If I am asked to find as lim x -> inf of (3^n/2^n), can I do:

3^n = e^(n*ln3)
2^n = e^(n*ln2)

assume C = lim (3^n/2^n).

C = lim e^(n*ln3)/e^(n*ln2)
ln C = lim ln [(exp(n*ln3)/(exp(n*ln2)]
In C = lim ln(exp(n*ln3)) - ln(exp(n*ln2))
ln C = lim n*ln3 - n*ln2
ln C = lim n*(ln3 - ln2)

The right hand side is clearly inf, and hence ln C = inf, which would mean that C = inf?
Though wouldn't C = 0 also give you infinity?

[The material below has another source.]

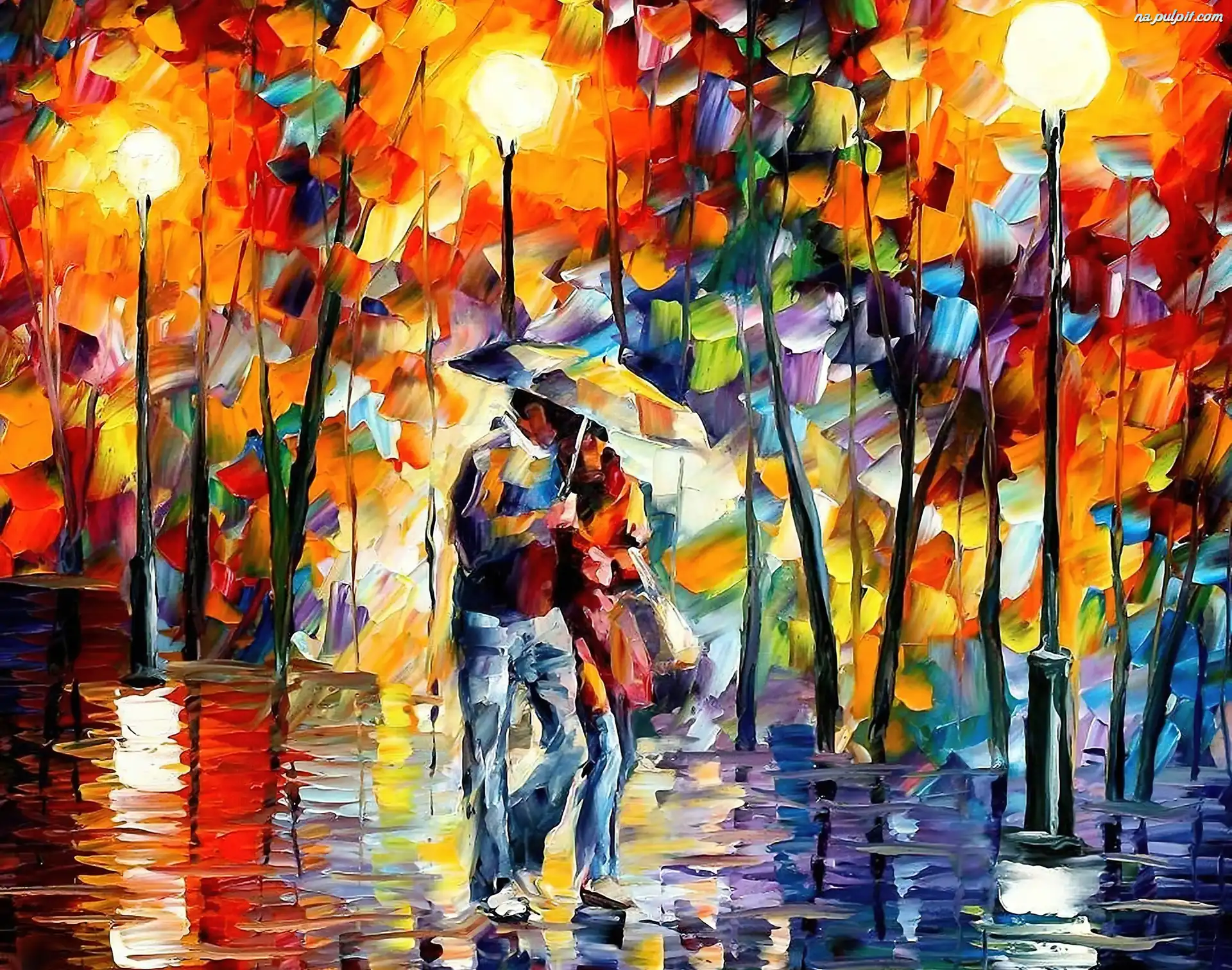 Para, Parasol, Reprodukcje Obrazów, Zakochanych, Park, Deszcz Na Pulpit

So how would I know which one it is?

Thanks.

 

[Dick]

ln(0) isn't infinity. It's undefined. n*(ln3-ln2) is clearly unbounded. So C=exp(n*(ln3-ln2)) is unbounded.

 

[bodensee9]

Thanks!

 

[HallsofIvy]

Hi,

can I do the following?

If I am asked to find as lim x -> inf of (3^n/2^n), can I do:

3^n = e^(n*ln3)
2^n = e^(n*ln2)

assume C = lim (3^n/2^n).

C = lim e^(n*ln3)/e^(n*ln2)
ln C = lim ln [(exp(n*ln3)/(exp(n*ln2)]
In C = lim ln(exp(n*ln3)) - ln(exp(n*ln2))
ln C = lim n*ln3 - n*ln2
ln C = lim n*(ln3 - ln2)

The right hand side is clearly inf, and hence ln C = inf, which would mean that C = inf?
Though wouldn't C = 0 also give you infinity? So how would I know which one it is?

Thanks.

Why do it that way?
$$\frac{3^n}{2^n}= \left(\frac{3}{2}\right)^n$$
and that, since 3/2> 1, clearly increases without bound as x increases.

On the other hand,
$$\frac{2^n}{3^n}= \left(\frac{2}{3}\right)^n$$
since 2/3< 1, clearly goes to 0.

Doing it the "hard way", if y= 2ⁿ/3ⁿ, then ln(y)= ln(2ⁿ)- ln(3ⁿ)= n(ln(2)- ln(3)). ln(2)- ln(3) is negative so, as n goes to infinity, n(ln(2)- ln(3)) goes to negative infinity and, as Dick said, ln(0)= negative infinity.